Launching his comedy career in the late 1950’s, Lenny Bruce was one of the first edgy stand-up comedians who paid the price for being a trailblazer. His comedy was seen as “obscene at the time,” using profanity, sexual innuendoes, and a streak of brutal honesty. Though this edginess got him in trouble, his new brand of humor also landed him performances at prestigious venues like Carnegie Hall. In the 1960’s, he started getting arrested in multiple cities for violating state obscenity laws— first in San Francisco and Los Angeles for violating California obscenity law, then in Chicago, and later again in California. He was tried of being harassed in California, so he moved his act to New York City with the hopes of being left to do his act. Bruce was not so lucky. New York City district attorneys sent undercover agents to two of his performances. A former CIA agent sat in the venue, meticulously taking notes on the “obscene material. The act included a lot of commentary on the female body, up to Eleanor Roosevelt’s breasts. In response to a photo of Jackie Kennedy climbing out of the covetable in Dallas to “get help,” Bruce mused “builshit. She hauled ass to save her ass,” as anyone would have done. He closed the show with his most offensive segment “Guys Are Carnal,” which suggested that men are willing to have a one-night stand with “just about anything that moves, including a chicken.” Martin Garbus, a co-counsel for Bruce speculated that Bruce faced prosecution because of his attacks on religion and public figures, rather than because of his use of dirty words,” though his act contained both.

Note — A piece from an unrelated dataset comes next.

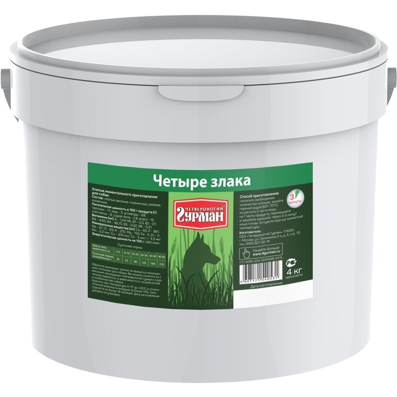 Моментальные каши «Четвероногий гурман» для собак – это злаковые хлопья, которые являются бесценным источником углеводов и необходимым элементом полноценного рациона собаки. Обработанные особым способом злаки сохраняют все полезные вещества и позволяют за считанные минуты приготовить вкусный и натуральный обед. Каши не требуют варки – сухие хлопья необходимо залить горячей водой и дать настояться – через 5 минут гарнир для полноценного обеда готов.

The District Attorney’s office convinced a grand jury to indict under the New York penal code, which barred “obscene, indecent, immoral, and impure dram, play, exhibition, and entertainment…which would tend to the corruption of the moral of youth and others.” Bruce had two of the best first amendment lawyers in the country on his side. At the trial, prosecution relied on testimony of Inspector Ruhe, the note-taker, who seemed nervous and embarrassed to repeat the routine, to which Bruce expressed his frustration: “I’m going to be judged by his bad timing, his ego, his garbled language.” The growingly desperate comic even pleaded to perform his routine in front of the judges so they could understand the meaning behind his comedy. The prosecution also brought in sociologists, professors, and literary experts. The most extreme criticism of Bruce came from sociologist Ernst Van den Haag, who described Bruce's routines as a sort of verbal diarrhea—instead of defecating on a stage in a literal sense, he does it through orality. Bruce’s team countered with psychologists who said his performance was not “sexually arousing,” media experts who said it didn’t offend community standards, and literary critics that argued the “social importance of Bruce’s brand of humor.” He also included a petition signed by entertainers and authors that read “Whether we regard Bruce as a moral spokesman or simply as an entertainer, we believe he should be allowed to perform free form censorship or harassment.”
The court found his performances “obscene, indecent, immoral and impure” and that the act “appealed to prurient interest,” was “patently offensive to the average person in the community,” and “lacked redeeming social importance.” They sentenced him to four months in prison where he died of a morphine overdose before the conviction reached an appellate court. In 2003, after receiving pressure from first amendment advocates, Governor George Pataki issued Bruce the first posthumous pardon in New York history.